# Records excerpted from a collection
▼

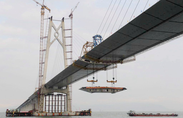 港珠澳大橋是全球最具挑戰(zhàn)的跨海項目,大橋全長35.6公里,跨越伶仃洋,東接香港,西接珠海和澳門,是世界上最長的跨海大橋工程,也是“一國兩制”框架下粵港澳三地首次合作建設的大型跨海交通工程。大橋的建設對密切珠江西岸地區(qū)與香港地區(qū)的經濟社會聯(lián)系,促進兩岸經濟社會協(xié)調發(fā)展,保持港澳地區(qū)的持續(xù)繁榮穩(wěn)定,具有劃時代的意義。
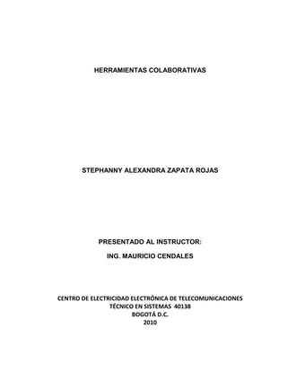 Este documento describe varias herramientas colaborativas como Google Docs, que permite crear y editar documentos en línea de forma colaborativa; Sumo Paint, un programa de dibujo en capas; Mind Meister, un software de mapas mentales; Wikipedia, la enciclopedia colaborativa; Project Draw, un editor de gráficos vectoriales; y SourceForge, una plataforma para compartir proyectos de software de código abierto.
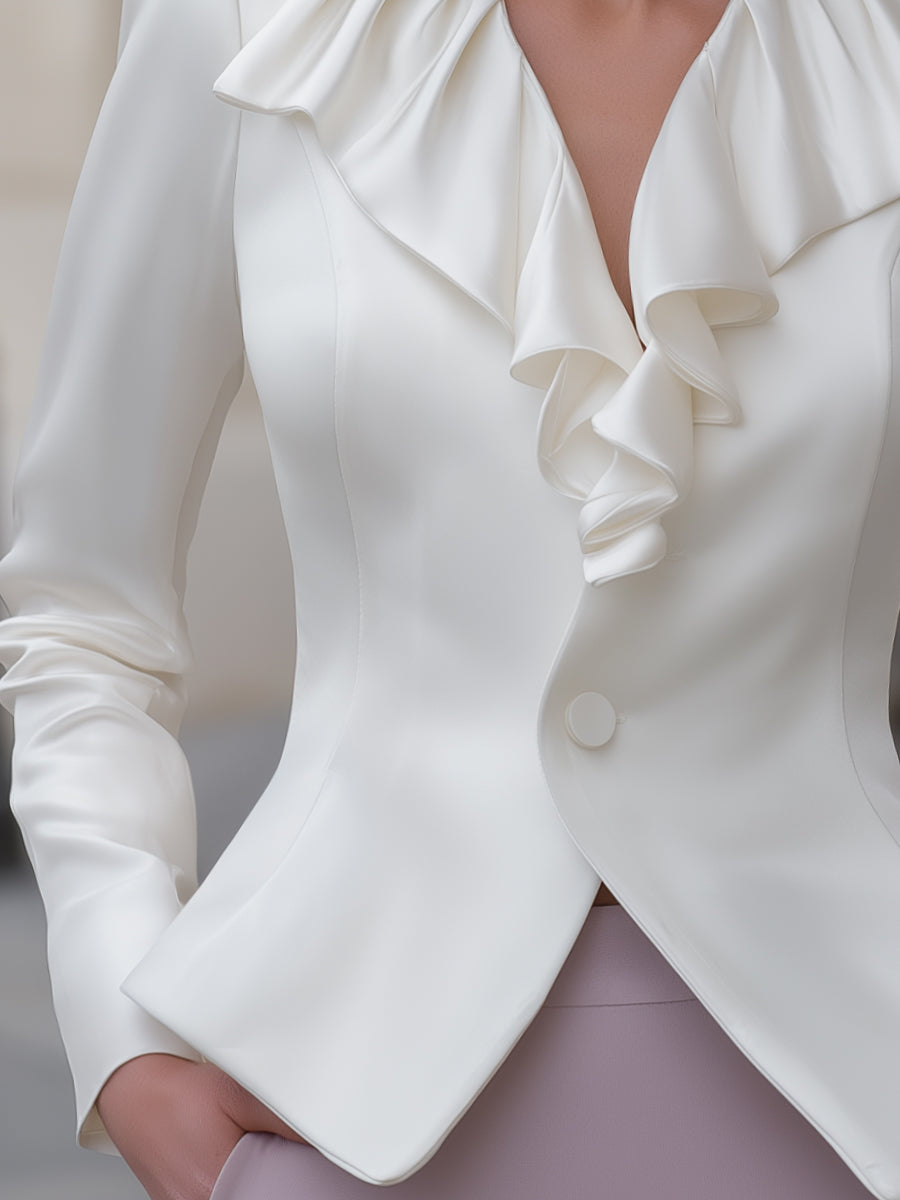 Elegant Ruffle Collar Tailored Long-Sleeve Blazer
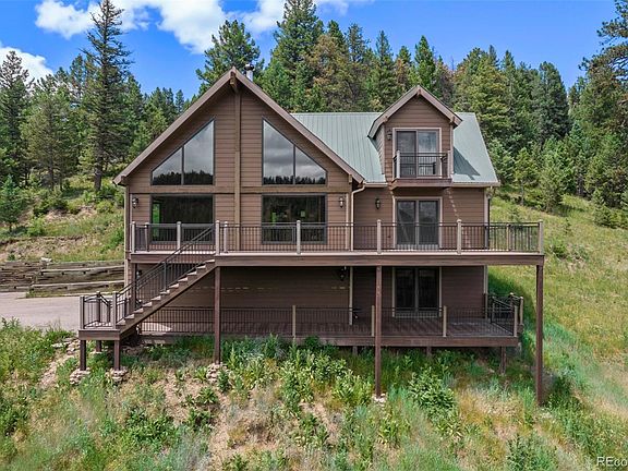 Quintessential Colorado mountain living awaits! Nestled on 3 tranquil acres with meadows, trees, and mountain views, this home offers the perfect retreat. Enjoy low-maintenance living with newer Hardy board concrete siding, updated windows and doors, a metal roof, and Trex-style upper and lower decks. Inside, an open floor plan and a wall of windows fill the space with warmth and natural light, showcasing stunning mountain vistas.
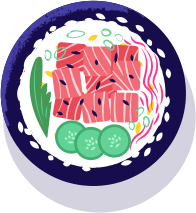 Poke is a raw fish salad traditional to Hawaii. Typically served in a bowl, it is usually comprised of rice layered up with raw (or lightly smoked) fish and fresh veggies – but can be customised to include any combination of fruit, pickles, garnish… you name it!
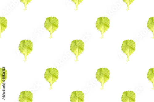 Pattern with light green leaves of green cabbage on a white background. Summer minimalism
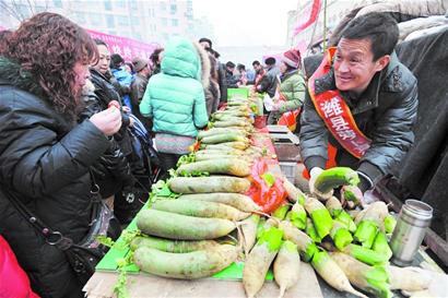 ????“來,隨便挑隨便揀,我現場給你削皮切片,有一點糠瓤,我立馬賠你100元錢?!币幻砼t色綬帶的蘿卜攤販邊推介自己的蘿卜“清脆爽口”,邊為顧客現場削皮切蘿卜(左圖)。這名攤主胸有成竹地告訴記者,他帶來的蘿卜是正宗的濰縣蘿卜,因此對質量絕對“有把握”。為展示自己蘿卜的品質與眾不同,他現場免費為買了蘿卜的市民“來料加工”,削皮、切片、切條……方便市民現場品嘗的同時,也讓這些顧客成為自己的活廣告。
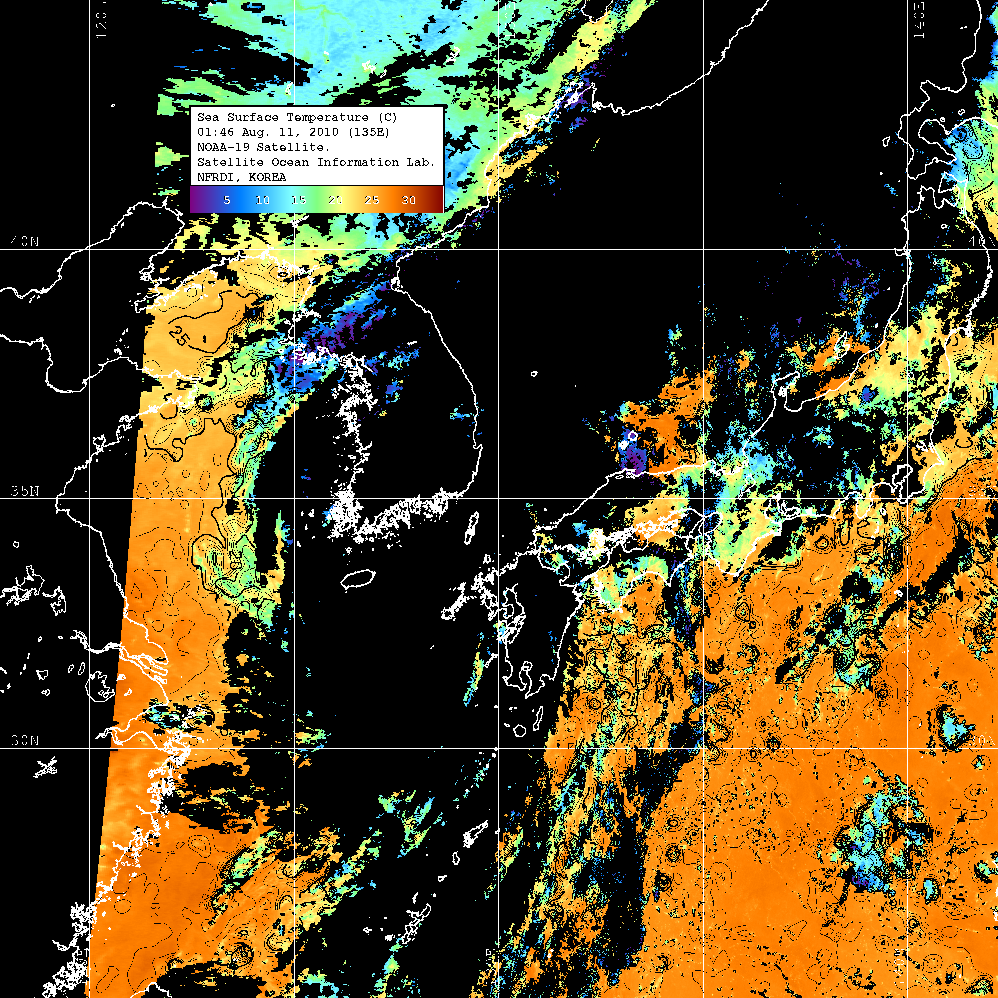 o 2010년 08월 11일 01시 46분 NOAA-19호 위성영상입니다. o 수온분포는 범례를 참고하시기 바랍니다. o 검은색은 구름을 나타냅니다. o 그림을 클릭하시면 크게 보실 수 있습니다.

▲

# How to complete this task
Take the line containing "Poke is a raw" and every line after it up to the end of the entries, and quote them exactly. Both ends count; the pictures do not.

# Your response
 Poke is a raw fish salad traditional to Hawaii. Typically served in a bowl, it is usually comprised of rice layered up with raw (or lightly smoked) fish and fresh veggies – but can be customised to include any combination of fruit, pickles, garnish… you name it!
 Pattern with light green leaves of green cabbage on a white background. Summer minimalism
 ????“來,隨便挑隨便揀,我現場給你削皮切片,有一點糠瓤,我立馬賠你100元錢?!币幻砼t色綬帶的蘿卜攤販邊推介自己的蘿卜“清脆爽口”,邊為顧客現場削皮切蘿卜(左圖)。這名攤主胸有成竹地告訴記者,他帶來的蘿卜是正宗的濰縣蘿卜,因此對質量絕對“有把握”。為展示自己蘿卜的品質與眾不同,他現場免費為買了蘿卜的市民“來料加工”,削皮、切片、切條……方便市民現場品嘗的同時,也讓這些顧客成為自己的活廣告。
 o 2010년 08월 11일 01시 46분 NOAA-19호 위성영상입니다. o 수온분포는 범례를 참고하시기 바랍니다. o 검은색은 구름을 나타냅니다. o 그림을 클릭하시면 크게 보실 수 있습니다.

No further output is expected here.